More Myths Debunked About Healthcare Staffing
By Debra Wood, RN
There’s new evidence debunking myths about travel and per diem nursing. A study from the University of Pennsylvania shows that employing supplemental registered nurses does not adversely affect patient safety or patient satisfaction.
“There are no adverse outcomes for patients in hospitals that employ supplemental nurses,” said Linda Aiken, PhD, RN, Claire M. Fagin Leadership Professor of Nursing and Director of the Center for Health Outcomes and Policy Research at the University of Pennsylvania School of Nursing in Philadelphia. “This is a safe strategy for hospitals to use to maintain safe staffing levels.”
The study, published in the March 2015 edition of Journal of Nursing Administration, is part of ongoing research by Aiken and colleagues at UPenn examining the use of supplemental nurses. Prior research by Aiken and the UPenn team showed there was no relationship between the use of supplemental nurses and patient mortality. In fact, mortality in those hospitals examined would have been higher without the supplemental nurses, she said.
“There has been a myth existing that the use of supplemental nurses is a proxy for poor quality of care,” Aiken said. “We’ve been systematically looking at all possible angles of the relationship of supplemental nurses and quality of care.”

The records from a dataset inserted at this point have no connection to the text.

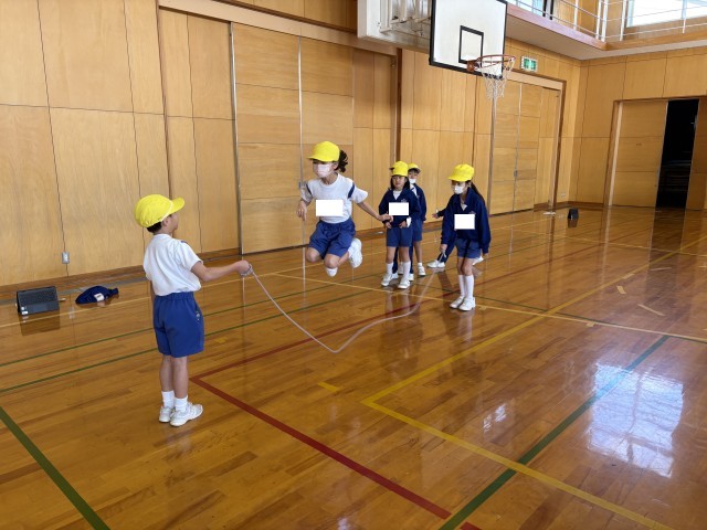 2年生は今、体育の時間に8の字跳びに挑戦中です。
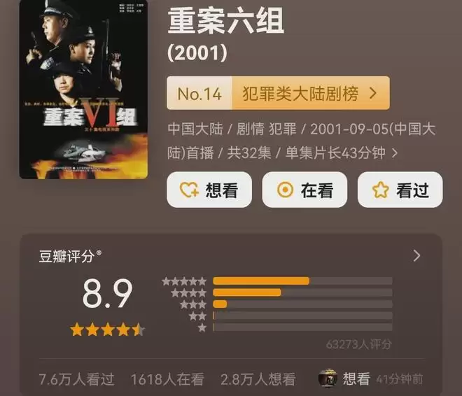 不管吃饭还是睡前,点开一集看六组出警、查案,就觉得特别踏实。它没有华丽服化道和狗血感情戏,全靠粗粝的真实感圈粉,豆瓣评分常年稳在8分以上,第一部更是高达8.9分。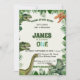 Celebrate your little one's big day with this adorable and adventurous dinosaur-themed 1st birthday invitation! Featuring a collection of friendly, hand-painted style dinosaurs like a T-Rex, Brontosaurus, and Triceratops surrounded by lush jungle foliage and vibrant greenery, this design sets the perfect prehistoric scene for your child's first milestone. The clean, neutral background allows the green and earthy tones to pop, making it a beautiful and exciting way to invite guests to your 'One-asaurus' party. Easily personalize the template with your child's name (like "James" shown here), the party date, time, and location for a custom touch.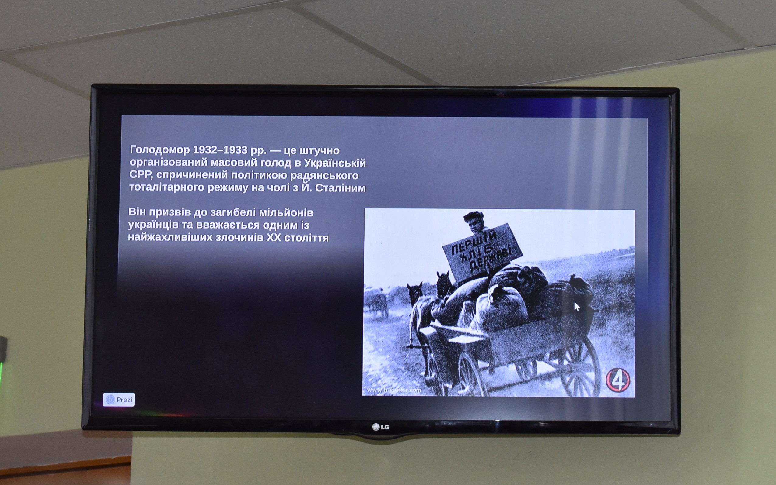 Безумовно, лектор звернув увагу на Голодомори 1921–1923 рр. та 1946–1947 рр., однак акцент був зроблений на найбільш руйнівний Голодомор 1932–1933 років, який визнаний геноцидом українського народу.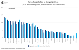 Az Eurostat szerint 2024-ben Magyarországon 10%-kal emelkedtek a nominális keresetek, ami a nyolcadik legmagasabb érték volt az EU-27 tagállamában. 2025 második negyedévében pedig 11,9%-os éves növekedést regisztráltak, ezzel hazánk a második helyen állt az uniós rangsorban.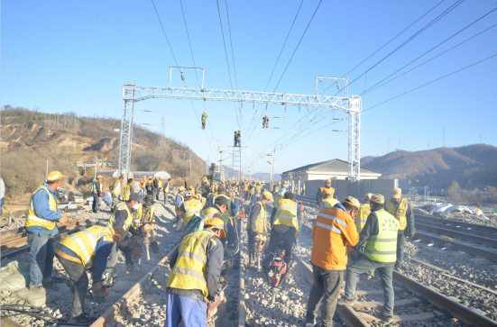 11月6日9时00分,经过中铁三局200余名施工人员连续4小时的奋战,闫家沟线路所最后一组重达80吨、长达60米的道岔插铺顺利完成,标志着浩吉、包西铁路实现互联互通,陕煤外运再添新通道。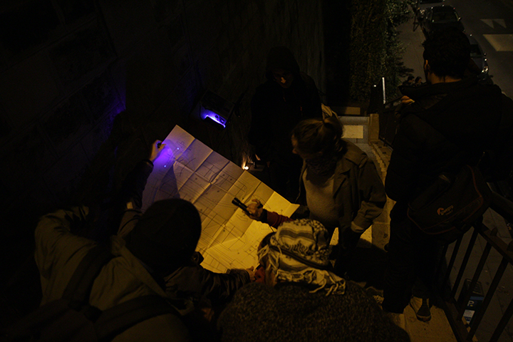 Dans les rues, des coursiers font la ronde et diffusent la première partie de la programmation radiophonique de paysages sonores captés dans les souterrains. Plus loin, une antenne radio s'échappe d'une plaque, le bateau pirate d'un jardin d'enfants prête sa table d'échec. Les joueurs s'affrontent avec un jeu uniformément noir composé des pièces dessinées par Marcel Duchamp. S'entame alors une longue marche jusqu'aux voies de la Petite Ceinture et ses tunnels.
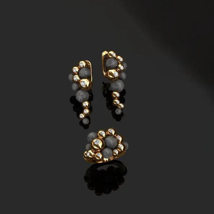 This is a 3D printed ring and earrings model. Stone parameters are shown in the picture. Exported file with extension (.3dm). If you have any problem, please contact me. Thanks.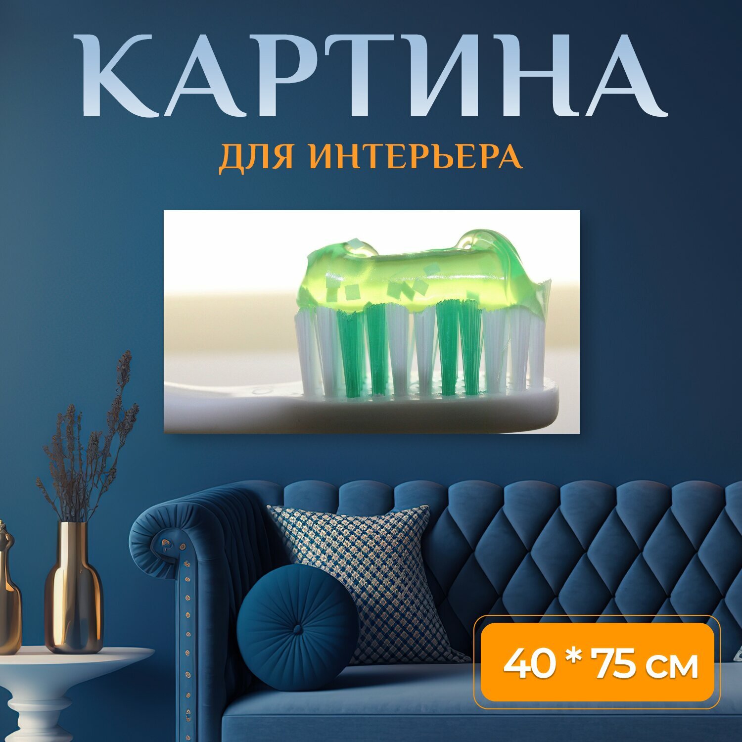 Картина на холсте "Зубная щетка, зубная паста, стоматология" на подрамнике 40х75 см. для интерьера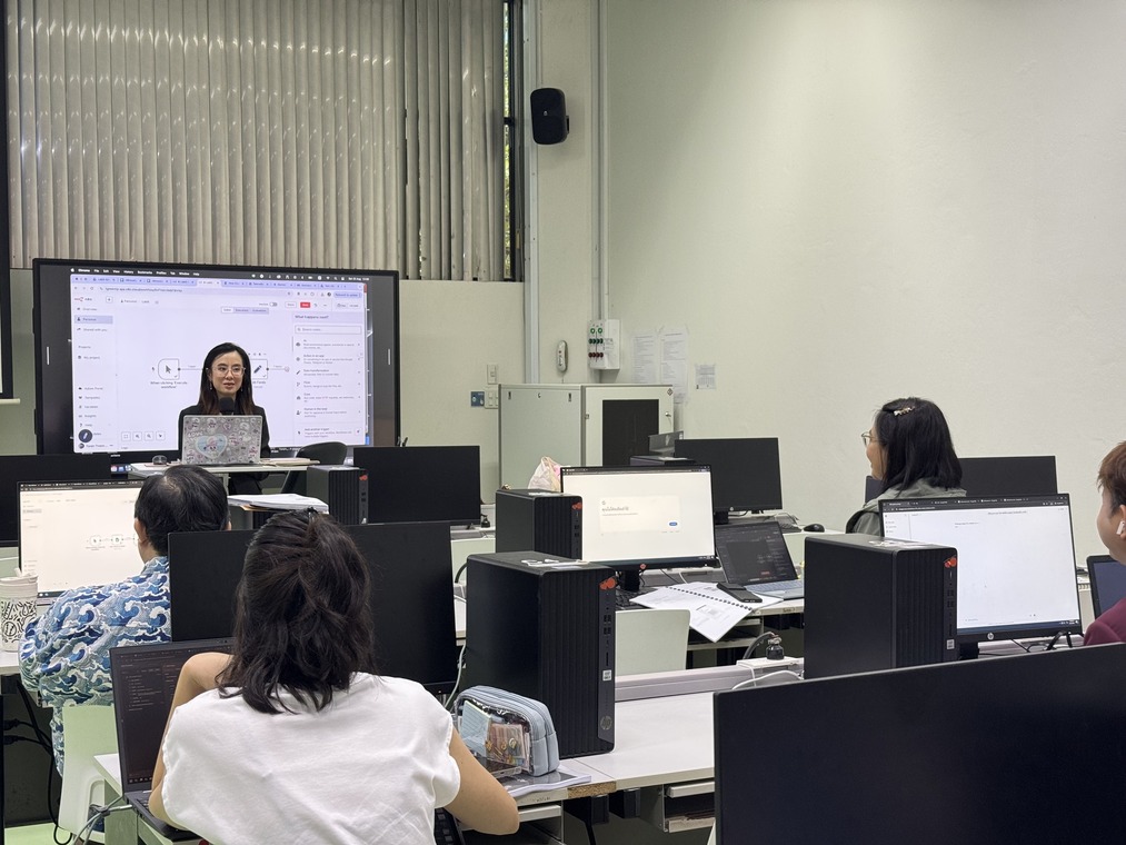 วันที่ 23 สิงหาคม 2568 คณะเทคโนโลยีสารสนเทศและการสื่อสาร มหาวิทยาลัยมหิดล (ICT Mahidol) จัดอบรมหลักสูตร “Automate Your World: AI Automation for Everyone” เสริมทักษะการทำงานยุคใหม่ด้วย AI และระบบอัตโนมัติ โดยได้รับเกียรติจาก ผศ.ดร.ทิพาจินต์ ไทยพิสุทธิกุล ผู้ช่วยคณบดีฝ่ายบริการวิชาการและถ่ายทอดเทคโนโลยี เป็นวิทยากรบรรยายและถ่ายทอดความรู้ ให้แก่ผู้สนใจทั่วไป ณ ห้องปฏิบัติการคอมพิวเตอร์ IT103 คณะ ICT มหาวิทยาลัยมหิดล ศาลายา

This is the first study that investigates the relationship between supplemental nurses and patient satisfaction. The UPenn team measured it, Aiken said, because patient satisfaction has become an important aspect of quality of care. It also has become a factor in reimbursement from Medicare, so many hospitals are focusing on improving their patient satisfaction scores.
“Patient satisfaction is an important aspect of the outcomes hospitals are trying to achieve,” said Marcia Faller, PhD, RN, chief clinical officer for AMN Healthcare in San Diego. “This study is great, because it shows temporary nurses are a not a detractor to those results.”
For this study, the UPenn researchers linked three data sources: the University of Pennsylvania Multistate Nursing Care and Patient Safety Survey of RNs; a random sample of nurses from four large states; an American Hospital Association annual survey of hospital; and the federal government’s Hospital Consumer Assessment of Healthcare Providers and Systems (HCAHPS) patient survey.
The investigators found no difference in HCAHPS responses between hospitals using low or high proportions of supplemental nurses regarding patient ratings of care and whether patients would recommend the hospital to others.
“There is no negative relationship between employment of [supplemental] nurses and patient satisfaction or mortality or any other quality measure we have,” Aiken said. “Poor patient satisfaction has nothing to do with supplemental nurses and has everything to do with poor work environments in hospitals.”
While nursing remains the single most important factor in how patients perceive their experiences in hospitals, Aiken said, nurse-related negative impacts for patients stem from situations such as a bedside nurse shortage or a chaotic work environment.
Temporary nurses can actually cushion the effect of poor work environments caused by too few nurses working too many hours, Faller said. Adding temporary nurses can help stabilize a unit until it can improve its recruitment and retention of permanent staff.
“There is no reason to be concerned about supplemental nurses,” Aiken concluded. “There is a big reason to be worried about poor work environments that have not received enough attention.”